What's In Store For Public Land Under President Trump?

Donald Trump will be sworn in Friday. One issue rural America is looking for answers on is public lands: how they’re managed and whether the government should transfer them to states or even sell them off.

President-elect Trump may not be keen on the idea to hand federal land over to states. At least that’s what he told Field and Stream magazine a year ago. He said something similar last spring to the editor of Petersen’s Hunting Magazine prior to his nomination as the GOP’s presidential candidate.

“Our land is not in the condition that it used to be, so we’ll put it back into condition, but we’re not looking to sell off land,” Trump said.

Trump recently nominated Montana Rep. Ryan Zinke to head up the U.S. Department of the Interior -- the nation’s federal land management agency. Zinke has been outspoken about his opposition to a change in ownership, but earlier this month the Congressman voted in favor of a rule change that would make land transfers easier.
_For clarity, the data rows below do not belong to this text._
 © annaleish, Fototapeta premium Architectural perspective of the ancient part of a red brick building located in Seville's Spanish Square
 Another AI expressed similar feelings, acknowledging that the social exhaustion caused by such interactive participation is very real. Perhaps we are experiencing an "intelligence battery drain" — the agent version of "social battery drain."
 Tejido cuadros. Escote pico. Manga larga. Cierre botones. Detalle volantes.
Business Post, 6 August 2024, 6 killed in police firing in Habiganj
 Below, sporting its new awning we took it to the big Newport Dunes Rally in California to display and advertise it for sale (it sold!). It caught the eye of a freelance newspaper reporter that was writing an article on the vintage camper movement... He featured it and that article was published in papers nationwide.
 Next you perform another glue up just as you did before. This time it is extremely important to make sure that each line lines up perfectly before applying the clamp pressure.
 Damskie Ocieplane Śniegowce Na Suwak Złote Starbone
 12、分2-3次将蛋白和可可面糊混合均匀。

A movement to reclaim federal land was highlighted in the Northwest by the 41-day standoff at Oregon’s Malheur National Wildlife Refuge last year, where even local lawmakers got on board.

But in other rural parts of the region, Northwesterners are only looking for more access and better management of federal land

Public land… and the public

Just south of the sleepy northeast Washington towns of Usk and Cusick, the Crossroads Cafe sits at a fork in the road where two state highways merge. It’s where a handful of locals gather every morning. They say they’re only in it for the coffee, but they linger for a few hours to talk about politics and reminisce about the days when this region boomed with industrial jobs and active sawmills.
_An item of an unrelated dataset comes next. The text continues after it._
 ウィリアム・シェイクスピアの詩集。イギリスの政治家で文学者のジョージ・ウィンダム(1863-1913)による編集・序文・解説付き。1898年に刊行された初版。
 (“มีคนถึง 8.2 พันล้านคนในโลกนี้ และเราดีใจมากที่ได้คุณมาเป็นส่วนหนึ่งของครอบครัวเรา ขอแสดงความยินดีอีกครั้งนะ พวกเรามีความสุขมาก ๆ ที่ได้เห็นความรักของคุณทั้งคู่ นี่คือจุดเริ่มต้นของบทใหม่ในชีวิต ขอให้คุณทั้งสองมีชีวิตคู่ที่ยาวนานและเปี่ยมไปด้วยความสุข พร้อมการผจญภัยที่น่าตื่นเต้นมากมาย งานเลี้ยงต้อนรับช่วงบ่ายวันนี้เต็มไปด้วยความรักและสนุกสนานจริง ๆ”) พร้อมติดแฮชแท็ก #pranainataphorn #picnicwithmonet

It was a time when Lloyd Hastings said he felt the most free. But now, he said, “You gotta have a permit to carry a gold pan on federal land. How silly. Who came up with that?”
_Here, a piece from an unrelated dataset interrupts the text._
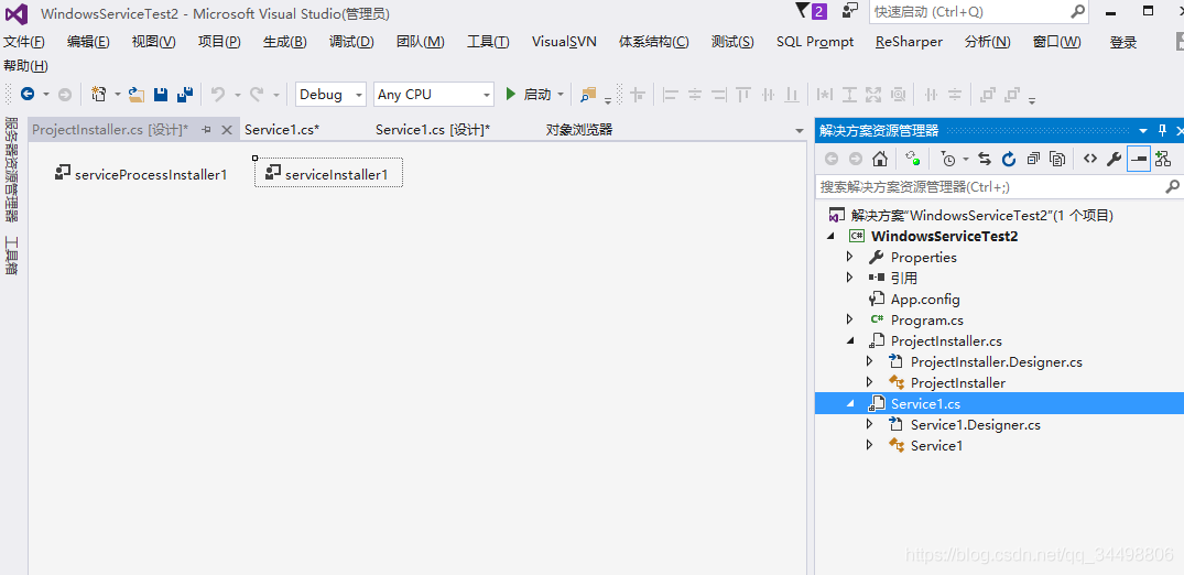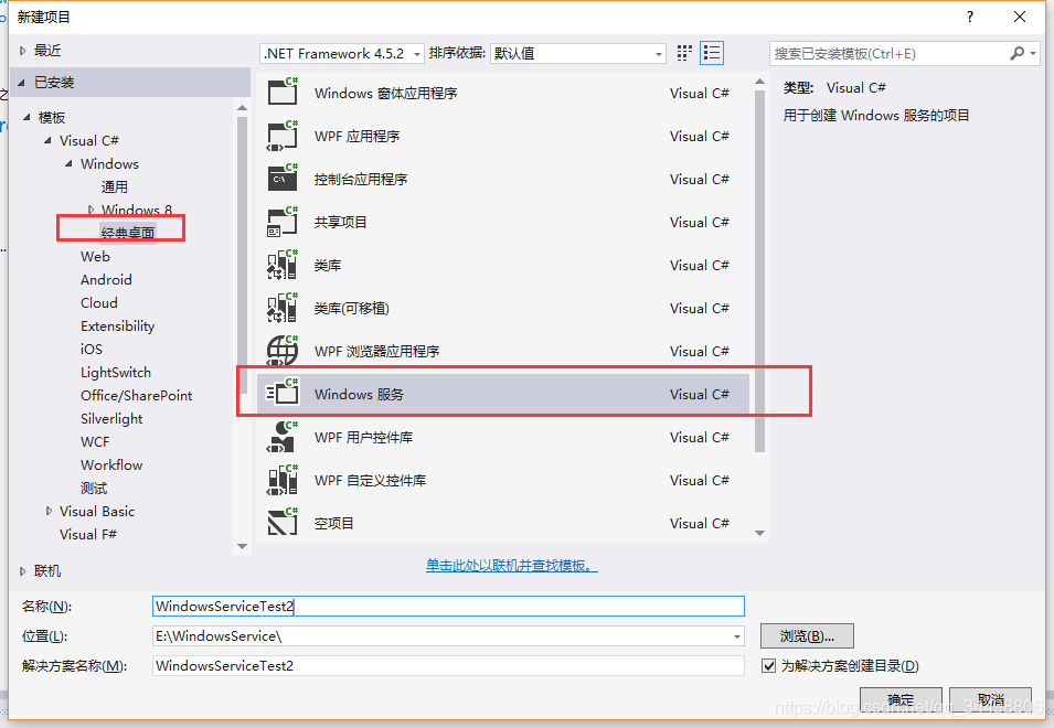 1.通过VS创建Windows服务,这里用的IDE是VS 2015:

Hastings believes that once land is deemed public, it’s held in trust for public use, then the public should be allowed to do what they want on it.

“They definitely should have a say on it, but they aren’t being asked anything,” Hastings said. “It’s just everything they say is being poked down their necks.”

Opinions differ among the group, but nearly all of them agree tight budgets have much to do with what they see as mismanagement and declining forest health.

“It’s been mismanaged so badly for so many years, that it’s going to take a lot of natural occurrences for it to ever get back to where it ought to be,” Hastings said.

Budgets struggles at both levels

Forests in northeastern Washington state are in desperate need of thinning and they are extremely prone to wildfire. Hastings said perhaps a large fire might offer a more immediate solution in comparison to the red tape and bureaucracy he says has plagues land management.

In an October interview, Washington’s outgoing Commissioner of Public Lands Peter Goldmark said land management dollars at all levels of government are lacking.

“We haven’t been successful as of yet in persuading the federal government to really match funding on a dollar per acre what we have been able to do, which is not enough quite frankly,” Goldmark said. “They’re struggling with their own budget.”

That struggle trickles down to states and it’s why Jack Schubert - another local at the cafe - said he doesn’t want federal land ownership to change.

“Absolutely not,” he said. “They’d sell it off as soon as they had to balance their budget, whenever they needed the money, that’s why. That’s how the state does things.”

It remains unclear where desperately needed funding to improve forest health and access might come from, but in his interview with Petersen’s Hunting Magazine, Trump seemed keen to leave his mark saying, “We are going to be good stewards for the land.”